PBA, Book 3

Those first two years at Palm Beach Atlantic University were, as I relayed, fairly uneventful. Went to class, hung out in the Student Center playing pool and listening to Amy Grant, etc. In some ways, it was merely a continuation of high school, minus the keg parties. Ha! So I thought. As I walked to classes I nonetheless heard stories of beer blasts taking place in some of the same neighborhoods as that of my hs buds. At a Christian college?!

PBA was/is a Christian institution, but of course it did not exclude those who were unbelievers, quite the contrary. There was certainly a large evangelical component to the school's mission.
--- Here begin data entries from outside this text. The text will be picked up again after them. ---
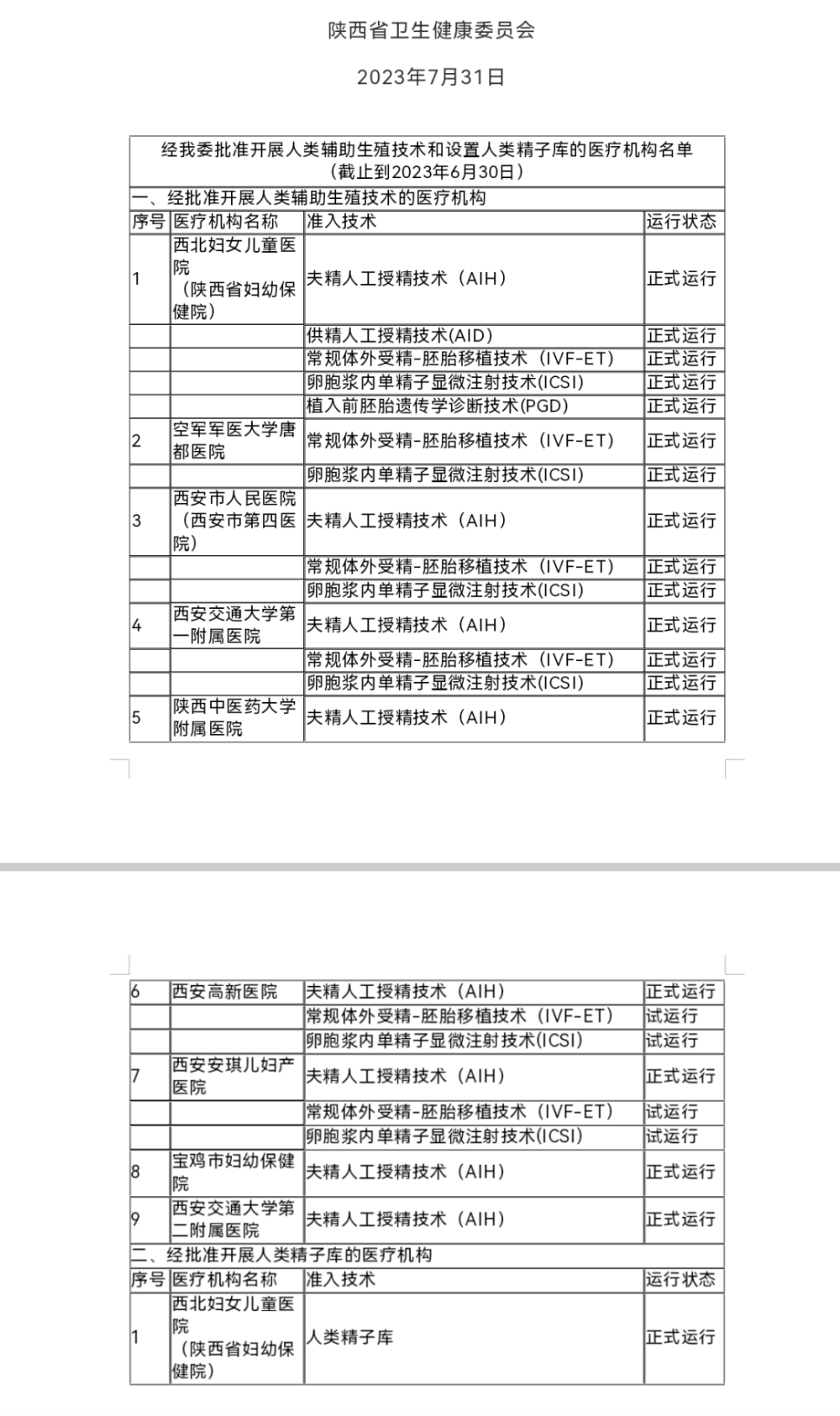据国家卫健委公布的数据,截至2022年底,我国经批准开展人类辅助生殖技术的医疗机构已达559家。据陕西省卫健委7月31日公布的名单显示,截至今年6月30日,陕西经批准开展人类辅助生殖技术的医疗机构共有9家,分别为西北妇女儿童医院(陕西省妇幼保健院)、空军军医大学唐都医院、西安市人民医院(西安市第四医院)、西安交通大学第一附属医院、陕西中医药大学附属医院、西安高新医院、西安安琪儿妇产医院、宝鸡市妇幼保健院和西安交通大学第二附属医院。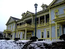 - 🌍 Motomachi (元町) (Near the foot of Mount Hakodate, all the way up to Kōryūjimae (高龍寺前)). This is the historical district. One popular attraction is the Old Public Hall of Hakodate Ward (旧函館区公会堂 Kyū-hakodateku-kōkai-dō), a European-style building which housed Hakodate's government in the early 1900s. The various churches and consulates in the area, dating to the early days of foreign trade with Japan, are also frequented by tourists. There is a pleasant walk up going from the Higashi Honganji Temple (東本願寺函館別院 higashi-honganji-hakodate-betsuin) all the way up to the Foreign Cemetery (外国人墓地 gaikokujin-bochi). On your way you will pass the Russian Orthodox Church, the Our Lady Star of the Sea Roman Catholic Church (worth a look inside; the door on the side of the main front door isn't locked, it's just heavy and visitors are welcome), the Episcopal Church as well as the old British Consulate, the Old Public Hall, the Old Russian Consulate, as well as other temples in the vicinity of the cemetery. There is also the Gokoku Shrine which houses the remains of the imperial dead following the Battle of Hakodate, as well as the remains of the Choshu rebels that died in the Satsuma Rebellion, although their memorials are not open to the public.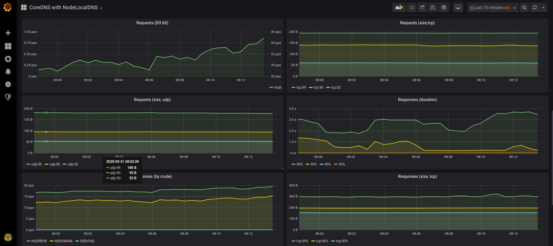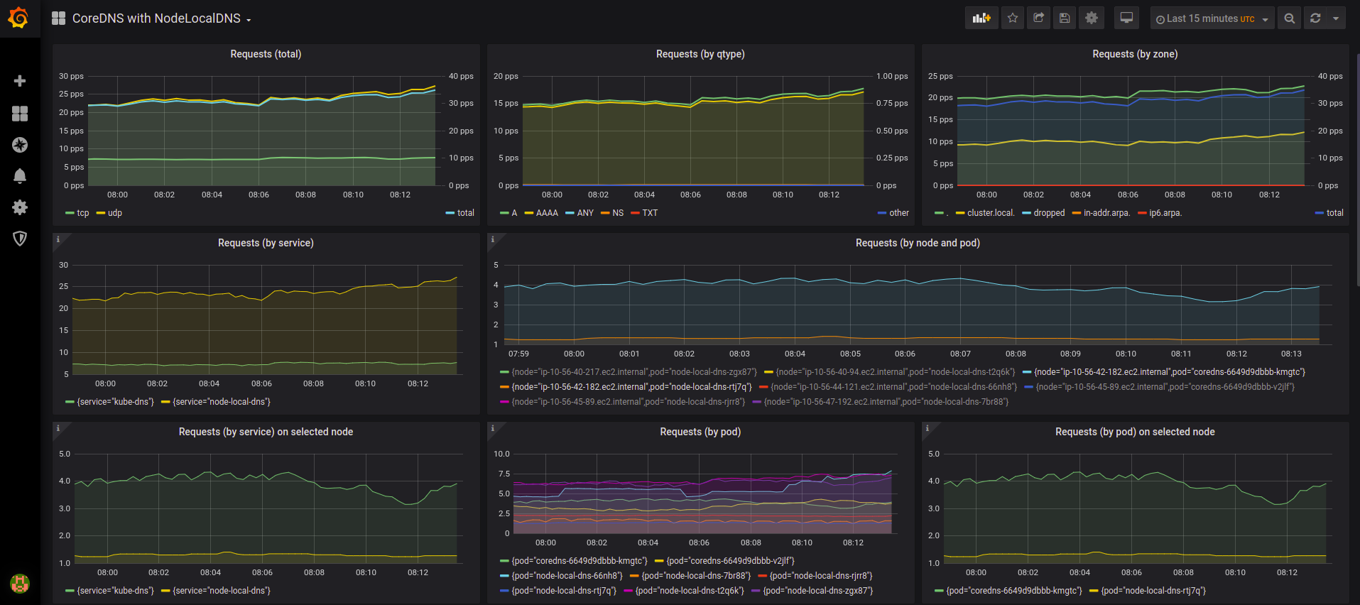 A dashboard for the CoreDNS DNS server which also exposes NodeLocal Cache metrics.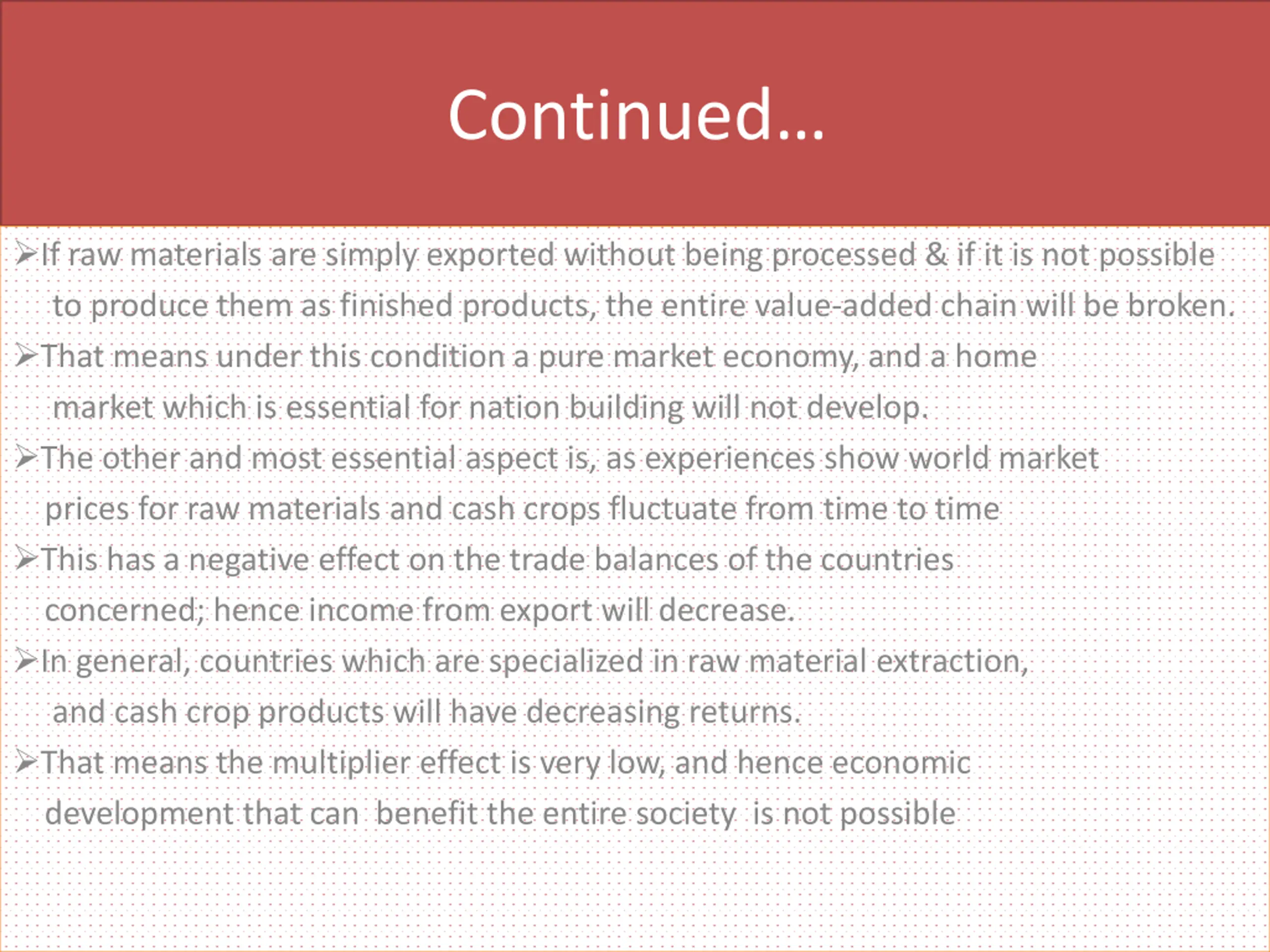 Continued If raw materials are simply exported without being processed & if it is not possible to produce them as finished products, the entire value-added chain will be broken. That means under this condition a pure market economy, and a home market which is essential for nation building will not develop. The other and most essential aspect is, as experiences show world market prices for raw materials and cash crops fluctuate from time to time This has a negative effect on the trade balances of the countries concerned; hence income from export will decrease. In general, countries which are specialized in raw material extraction, and cash crop products will have decreasing returns. That means the multiplier effect is very low, and hence economic development that can benefit the entire society is not possible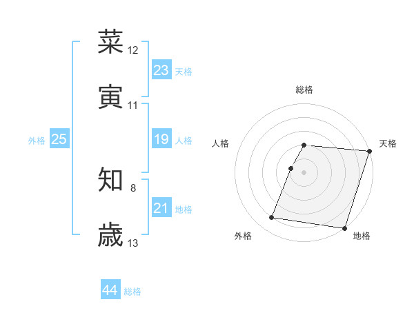 菜寅 知歳さんを姓名の画数から五運を鑑定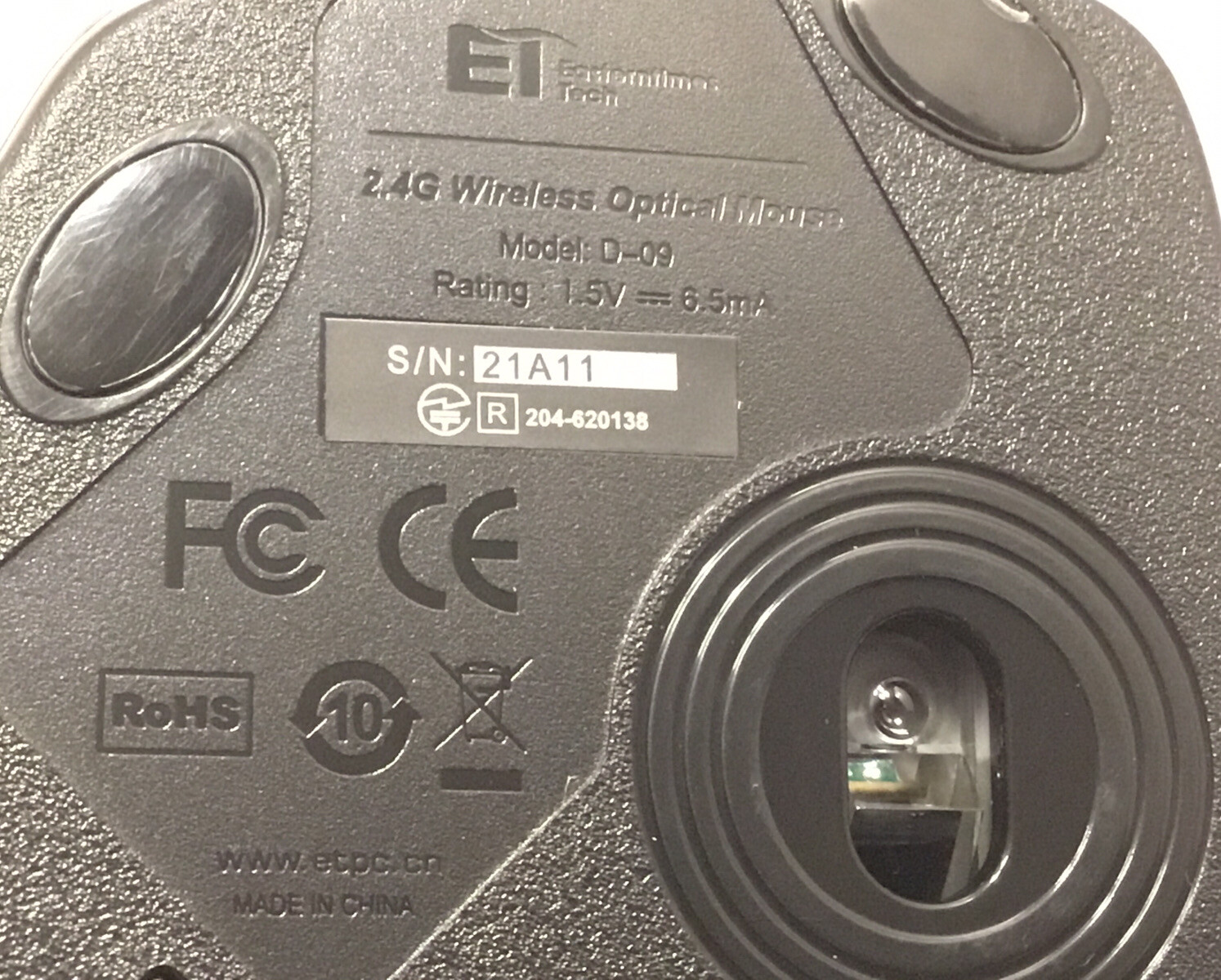 Country/Region of Manufacture:ChinaTracking Method:OpticalType:wireless mouseNumber of Buttons:3Color:BlackBrand:Eastern Times TechnologyFeatures:Ergonomic, Scroll WheelModel:D-09Connectivity:Wireless, USBMPN:Ca57bn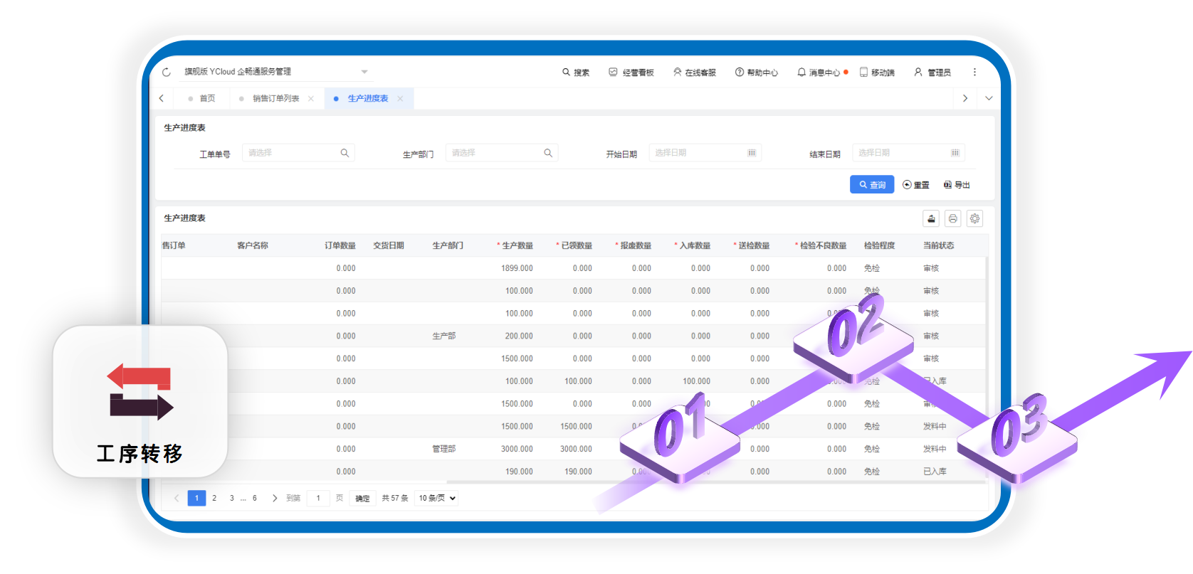 精细化生产工艺过程管控,支持流程转移报工等复杂生产场景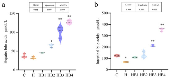 Effects of berberine supplementation in high-carbohydrate diets on liver and intestinal bile acid content in tilapia. (a) Hepatic bile acids; (b) Intestinal bile acids. One-way ANOVA and Dunnett’s test analyses (* p < 0.05 and ** p < 0.01). The three lines in the box plot are the upper quartile, the median and the lower quartile from top to bottom.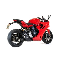 Termignoni introduces a new homologated silencer designed for Ducati Supersport 950.Double silencer built with carbon end caps and titanium outer sleeve to save weight.This titanium alloy processing allows considerable weight savings and high resistance to high temperatures.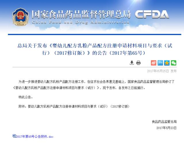 就在刚刚,国家食品药品监督管理总局官网发布关于发布《婴幼儿配方乳粉产品配方注册申请材料项目与要求(试行)(2017修订版)》的公告(2017年第65号),这有望为企业的配方注册“提速”。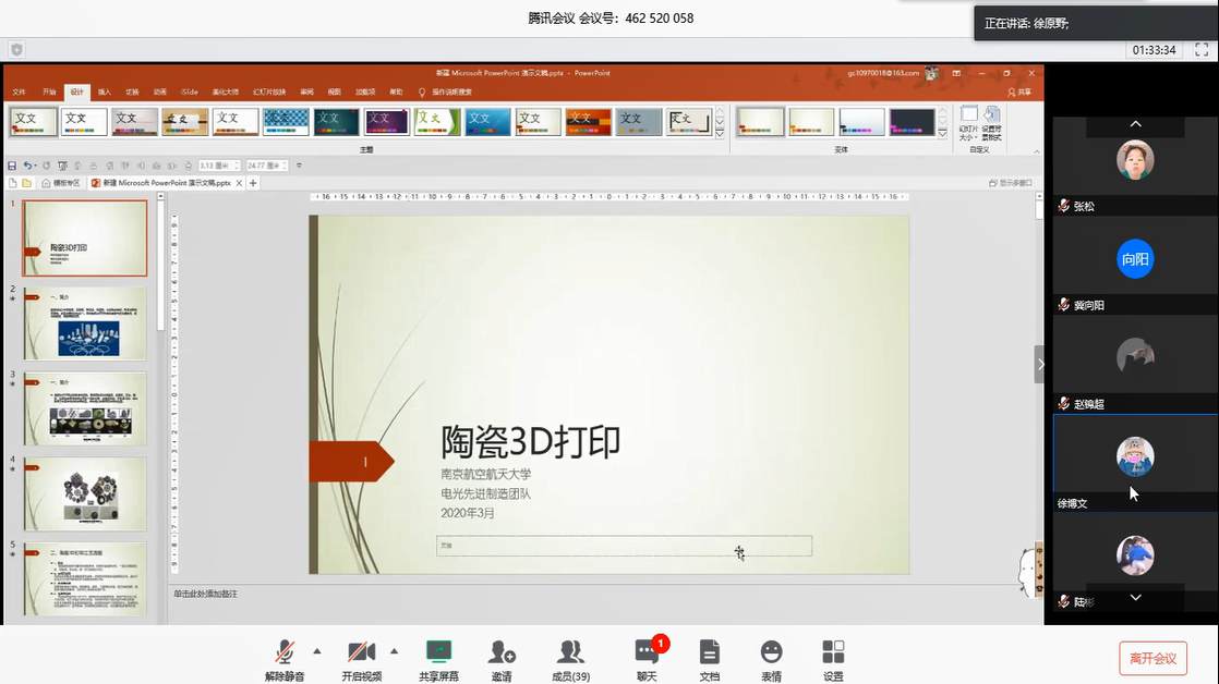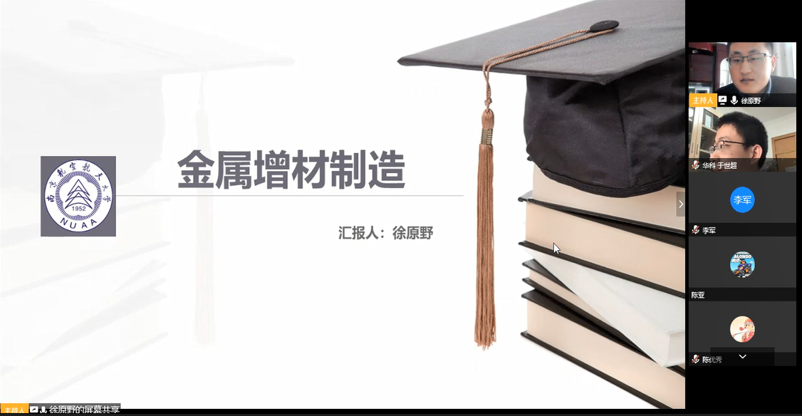 活动第四项,两个团支部就各自研究领域进行学术交流、相互学习。首先华科于世超团员就智能设计制造及高性能探测器超精密制造的研究介绍课题方向;然后南航电光团队团员张寒旭、徐原野、娄桂宾就陶瓷增材、金属增材及电化学沉积增材等方向点介绍增材制造方向。双方在许多研究方向上有相似之处,产生学术共鸣。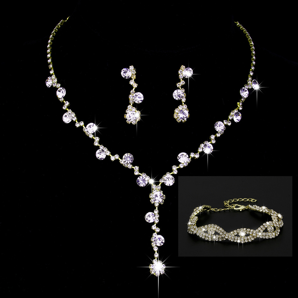 Color: 483747 gold rhinestone necklace earrings bracelet

In regards to the alcohol, I have to recall at this point that during the application process, a pledge to not consume had to be signed. By all students. I cocked an eyebrow at that as I scribbled. I'm sure others had to conceal their laughter.

But the school was serious about enforcement. A rulebook mentality evoking Prohibition-era tactics was adhered to. A wine cooler could mean suspension. There were rumors of spies who roamed parking lots of the local Bennigan's and Houlihan's, looking for PBA parking stickers and their owners who may have dared to down a Bud Light with their jalapeno poppers. Several folks felt the justice. I was spared.

I did not have the need for a parking sticker. I did not have my own vehicle until halfway through my junior year. I made do with my father's Escort wagon and rides from others. Sometimes, I had to take the city bus. Ugh. It was humiliating. Convenient (when it showed up on time; WPB's public transit was never known for its reliability), but still a drag. I felt like I was still a kid, riding the Co-Tran to the Palm Beach Mall. Getting that midnight blue Cavalier in January 1990 was like getting the keys to Adulthood.

I also went to work, about a month before I started at PBA, as a pharmacy clerk/tech at an Eckerd Drug store. I only worked 20 or so hours a week, but it was enough to get me out of what was known as "Workship", a program of voluneteerism, required of all students not holding an outside job of 20 or more hours per week. It is with some shame that I admit that I was quite happy to get out of Workship, despite my regular volunteering in the church: beach clean-ups, gardening and painting for the elderly, singing at nursing homes. Maybe it was because I just didn't have any more time to spare.

I did not get out of going to weekly Chapel services. Several students skipped regularly, and there were consequences. I don't recall skipping more than once or twice. It was usually an enriching hour of praise and worship, with school announcements and the occasional skit thrown in. There was also the annual American Free Enterprise Day, a grandoise parade of capitalism that always seemed wrong for a church sanactuary. Each year, it got bigger. The keynote speaker was usually a CEO. The most notorious episode in my time at PBA involved a student yelling "What does this have to do with Jesus!" after several minutes of relentless patriotic display in the First Baptist Church. Such a great moment. I bet many wanted to applaud. It was a moment frozen in time. Sadly, I learned that the young man (whose name I can't recall) recently passed away.

I mentioned Eckerd Drug. My store was in a shopping center on the border of Lake Worth/WPB. Years before, the Skydrome Drive-In sat there. I worked at the drug store the entire time I was at PBA, plus change. I liked and hated it at various times. I'm not sure what to say about it, though there are some significant parallels/overlaps with PBA. The pharmacist with whom I worked was the mother of someone with whom I grew up. A lovely Southern lady who taught me much about pharmacy, a career that would last for the next 20 years. She was very conservative, often remarking that PBA was, even in 1987, becoming "too liberal". This was despite the fact that until sometime in the 1990s the school still wouldn't hold a dance. Old Baptist thing.